◆ Task brief: Among the entries below, which lines run from the line with "Dette todelte yogasæt" through the line with "L'écrasante majorité des"? Retype those, both ends included, exactly and without pictures.

◆ Available records:
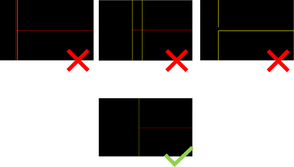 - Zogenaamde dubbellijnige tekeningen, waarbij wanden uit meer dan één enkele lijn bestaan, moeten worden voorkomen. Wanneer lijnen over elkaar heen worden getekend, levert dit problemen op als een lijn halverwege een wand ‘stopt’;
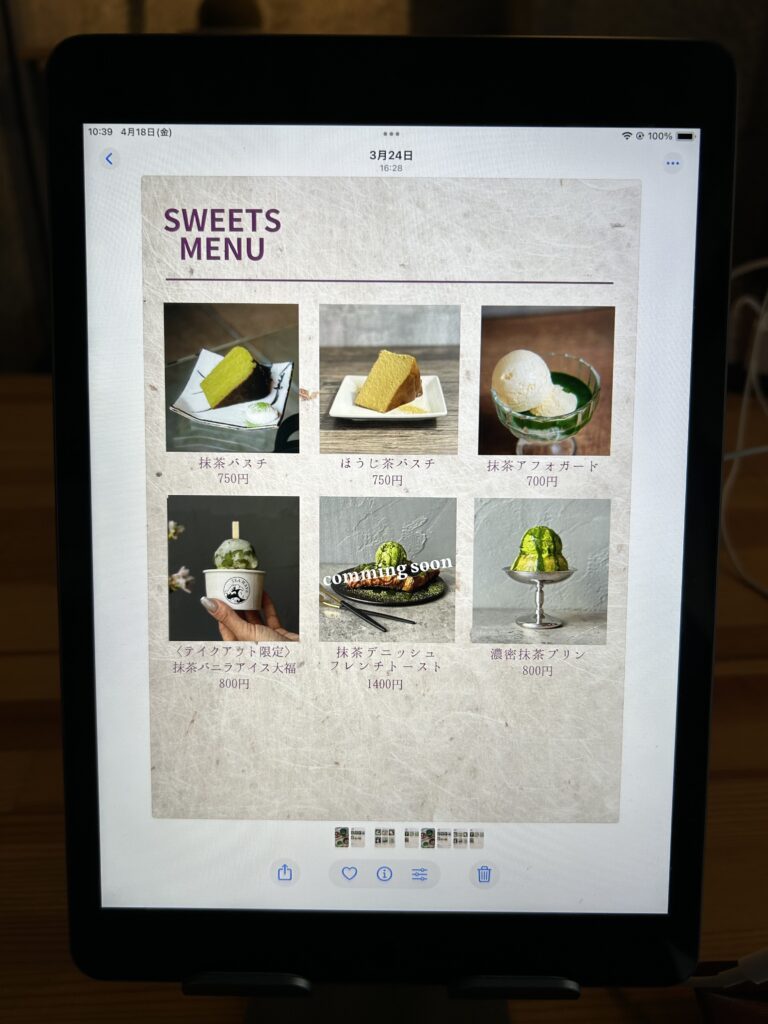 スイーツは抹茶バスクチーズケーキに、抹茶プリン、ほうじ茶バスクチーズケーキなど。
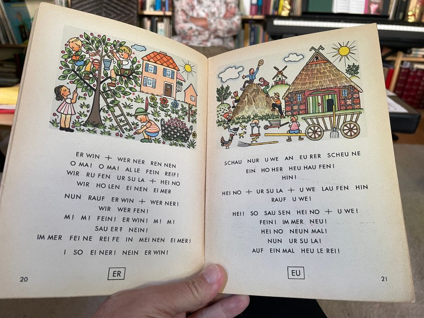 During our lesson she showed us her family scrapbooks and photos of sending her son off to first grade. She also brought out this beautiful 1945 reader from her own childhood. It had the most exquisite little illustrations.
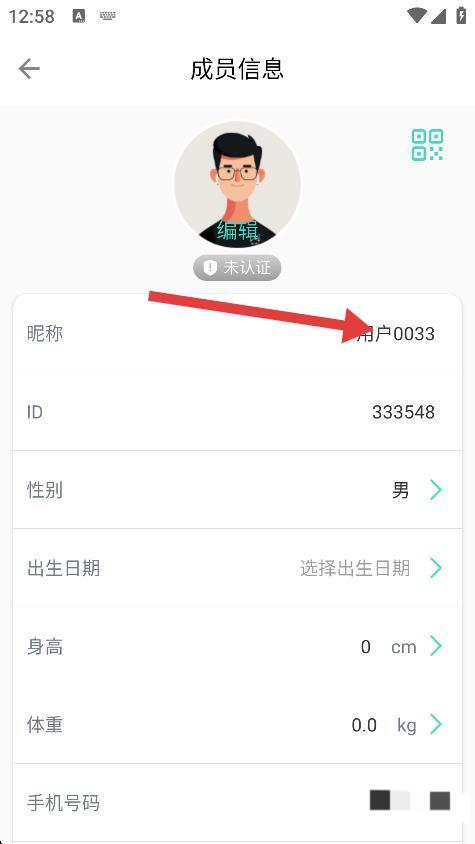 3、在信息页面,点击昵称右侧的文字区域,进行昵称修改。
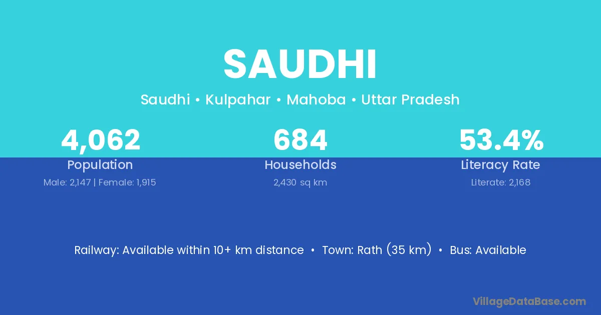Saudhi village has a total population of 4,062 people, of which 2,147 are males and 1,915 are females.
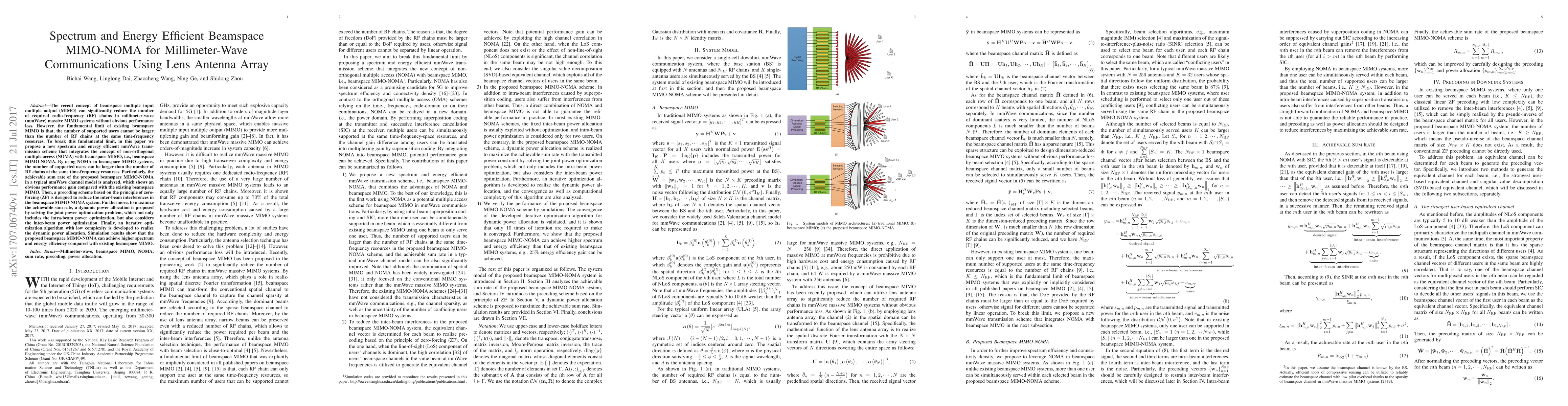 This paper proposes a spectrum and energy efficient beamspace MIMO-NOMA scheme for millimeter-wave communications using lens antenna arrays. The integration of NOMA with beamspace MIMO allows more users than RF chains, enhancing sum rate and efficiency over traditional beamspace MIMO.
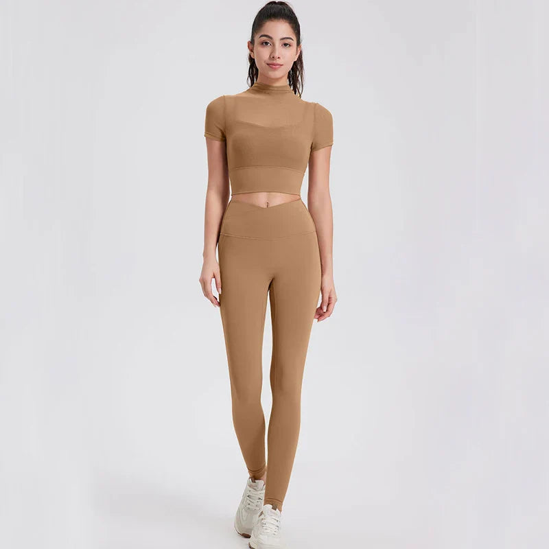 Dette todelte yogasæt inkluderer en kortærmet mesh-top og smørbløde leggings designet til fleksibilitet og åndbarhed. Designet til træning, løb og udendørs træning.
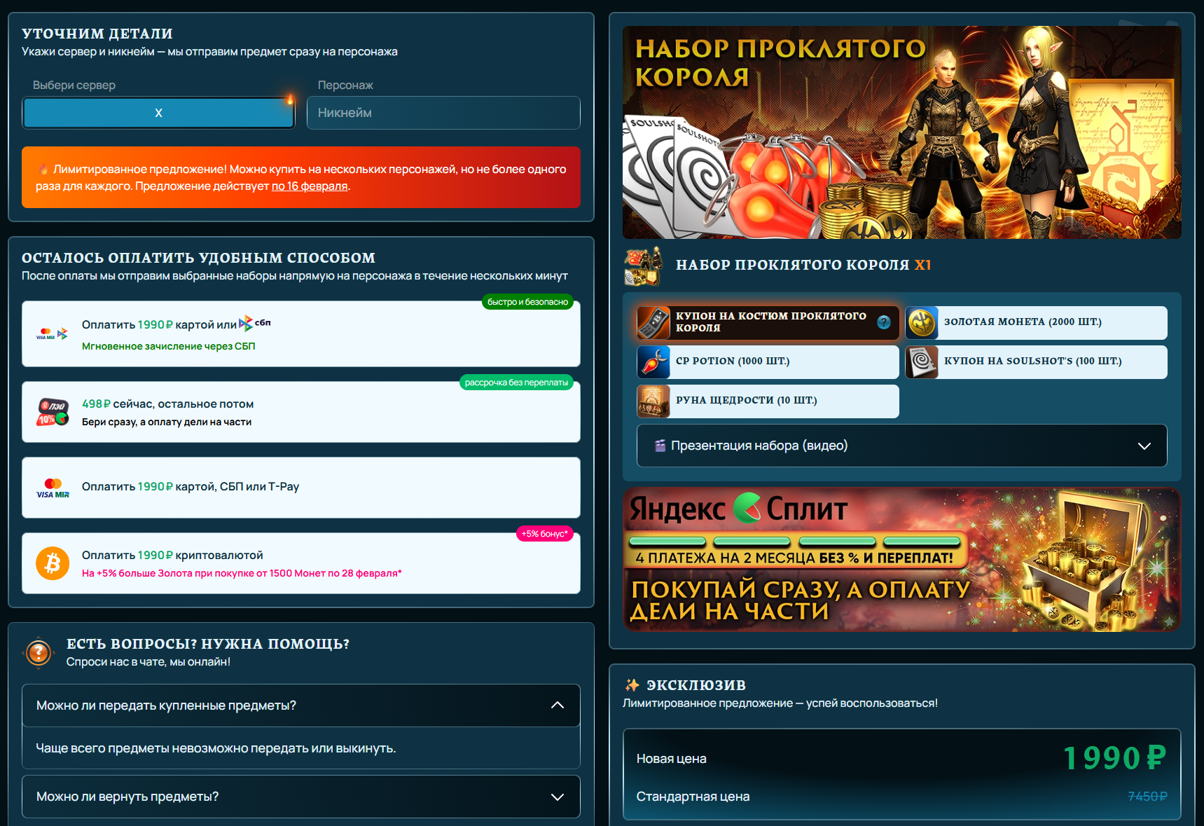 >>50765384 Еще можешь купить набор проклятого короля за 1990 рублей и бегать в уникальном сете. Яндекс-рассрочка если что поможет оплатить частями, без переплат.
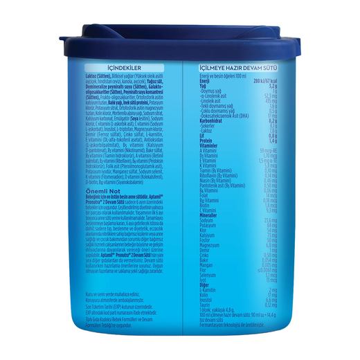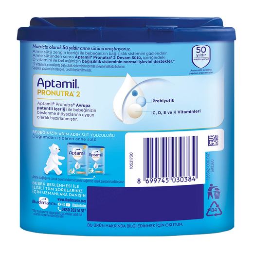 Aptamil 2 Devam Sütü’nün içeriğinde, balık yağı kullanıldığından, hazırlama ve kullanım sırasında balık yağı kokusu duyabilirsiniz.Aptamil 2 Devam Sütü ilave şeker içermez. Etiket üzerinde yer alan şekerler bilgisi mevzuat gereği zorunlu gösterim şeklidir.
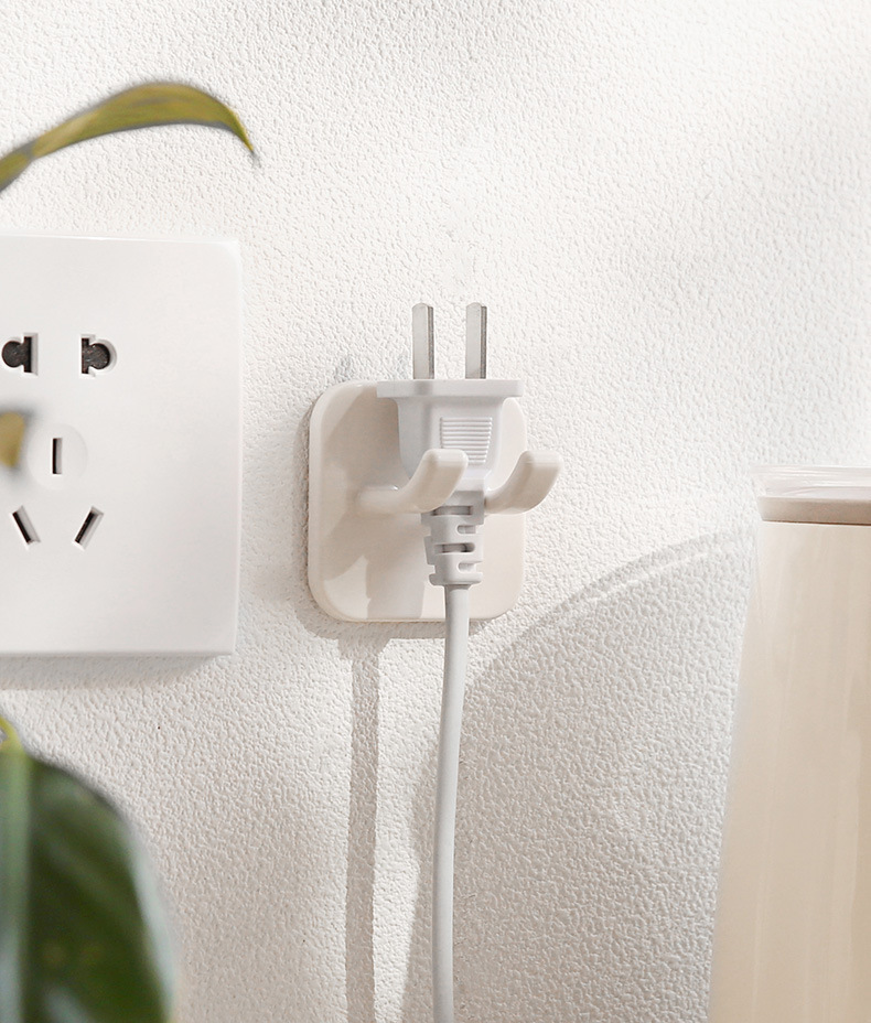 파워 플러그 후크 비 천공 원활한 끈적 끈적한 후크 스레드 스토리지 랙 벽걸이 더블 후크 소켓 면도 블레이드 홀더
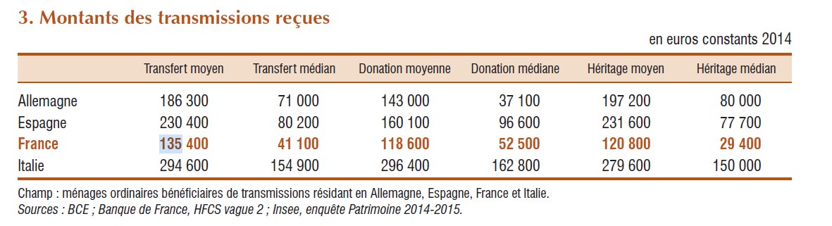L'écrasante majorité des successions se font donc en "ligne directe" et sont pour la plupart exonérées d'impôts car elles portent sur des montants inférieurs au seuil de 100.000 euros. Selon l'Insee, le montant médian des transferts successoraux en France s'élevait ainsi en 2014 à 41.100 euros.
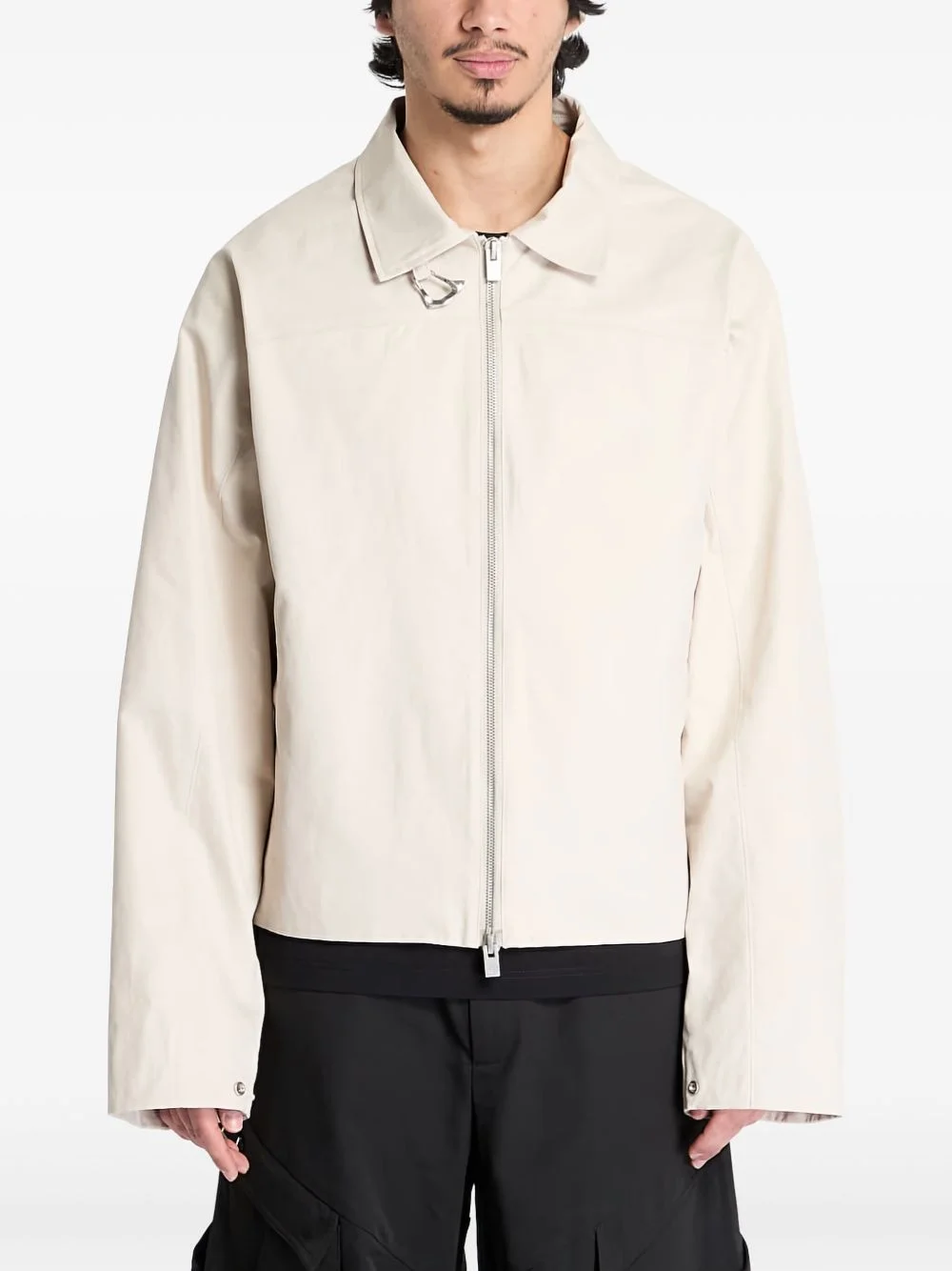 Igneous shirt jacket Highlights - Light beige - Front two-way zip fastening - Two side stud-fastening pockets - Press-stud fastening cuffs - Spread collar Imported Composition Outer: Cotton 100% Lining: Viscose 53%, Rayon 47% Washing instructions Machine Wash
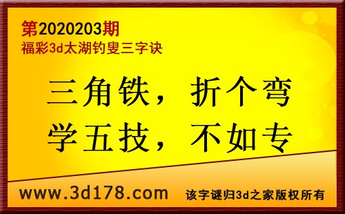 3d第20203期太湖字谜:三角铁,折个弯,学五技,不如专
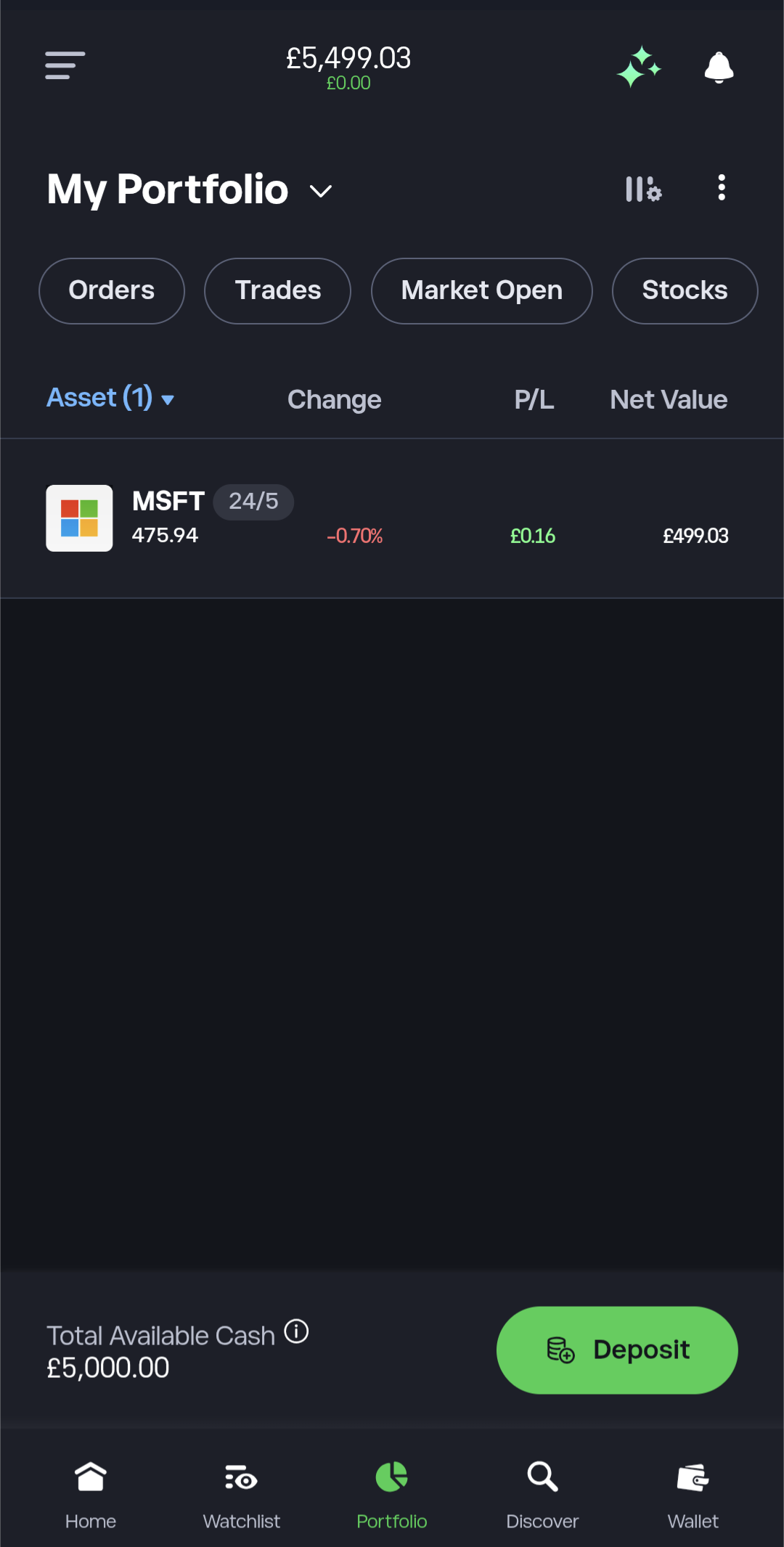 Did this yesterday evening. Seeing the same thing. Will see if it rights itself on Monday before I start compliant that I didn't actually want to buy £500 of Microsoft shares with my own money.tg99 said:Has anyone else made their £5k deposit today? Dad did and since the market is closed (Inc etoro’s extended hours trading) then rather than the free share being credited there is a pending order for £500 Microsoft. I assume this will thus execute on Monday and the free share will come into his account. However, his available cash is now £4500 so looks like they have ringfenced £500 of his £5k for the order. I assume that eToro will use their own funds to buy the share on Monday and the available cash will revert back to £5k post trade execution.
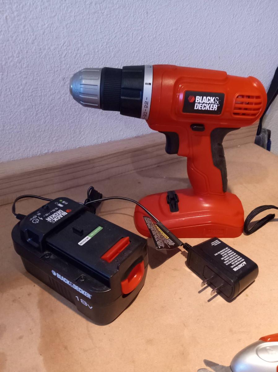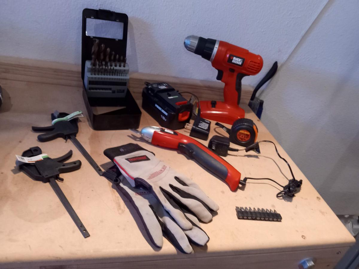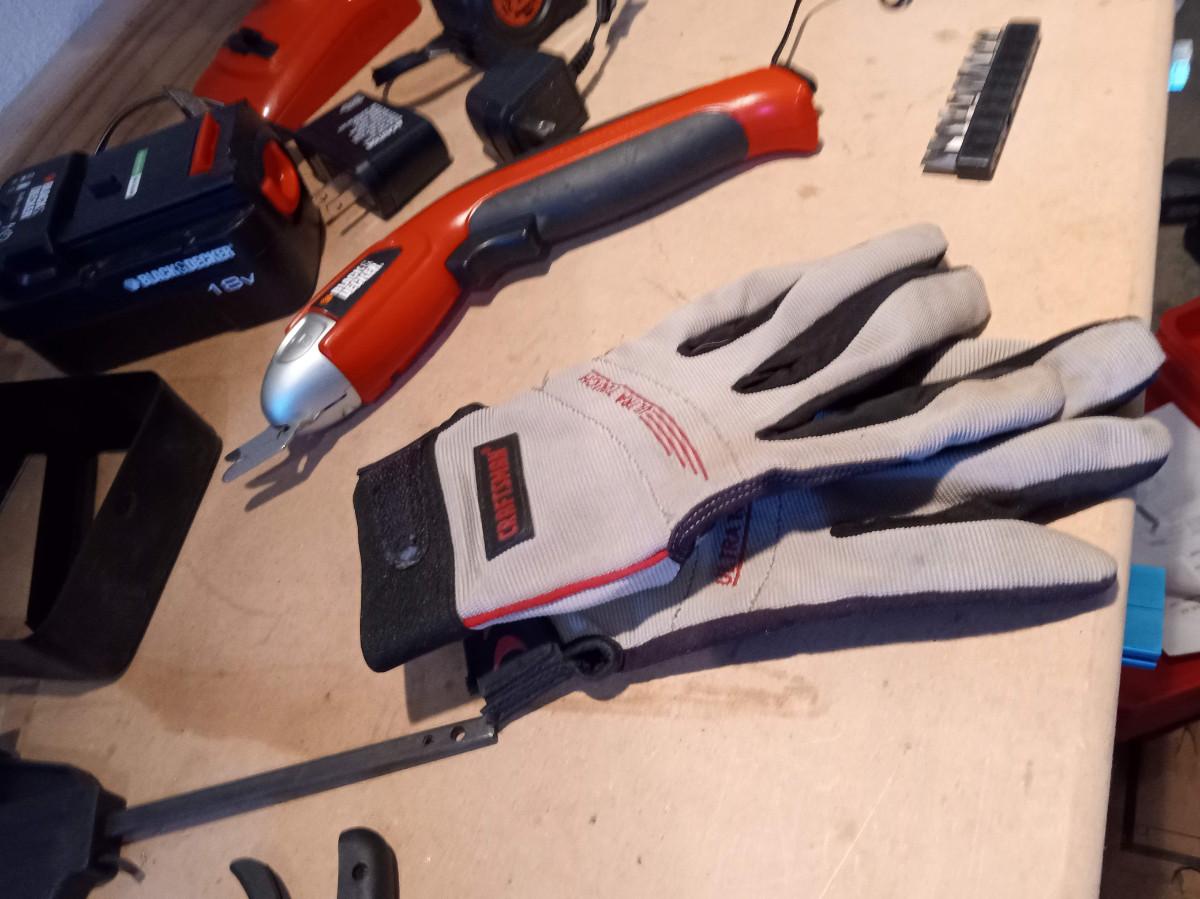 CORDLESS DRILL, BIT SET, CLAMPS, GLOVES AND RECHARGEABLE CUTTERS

◆ Solution:
 Dette todelte yogasæt inkluderer en kortærmet mesh-top og smørbløde leggings designet til fleksibilitet og åndbarhed. Designet til træning, løb og udendørs træning.
 >>50765384 Еще можешь купить набор проклятого короля за 1990 рублей и бегать в уникальном сете. Яндекс-рассрочка если что поможет оплатить частями, без переплат.
 Aptamil 2 Devam Sütü’nün içeriğinde, balık yağı kullanıldığından, hazırlama ve kullanım sırasında balık yağı kokusu duyabilirsiniz.Aptamil 2 Devam Sütü ilave şeker içermez. Etiket üzerinde yer alan şekerler bilgisi mevzuat gereği zorunlu gösterim şeklidir.
 파워 플러그 후크 비 천공 원활한 끈적 끈적한 후크 스레드 스토리지 랙 벽걸이 더블 후크 소켓 면도 블레이드 홀더
L'écrasante majorité des successions se font donc en "ligne directe" et sont pour la plupart exonérées d'impôts car elles portent sur des montants inférieurs au seuil de 100.000 euros. Selon l'Insee, le montant médian des transferts successoraux en France s'élevait ainsi en 2014 à 41.100 euros.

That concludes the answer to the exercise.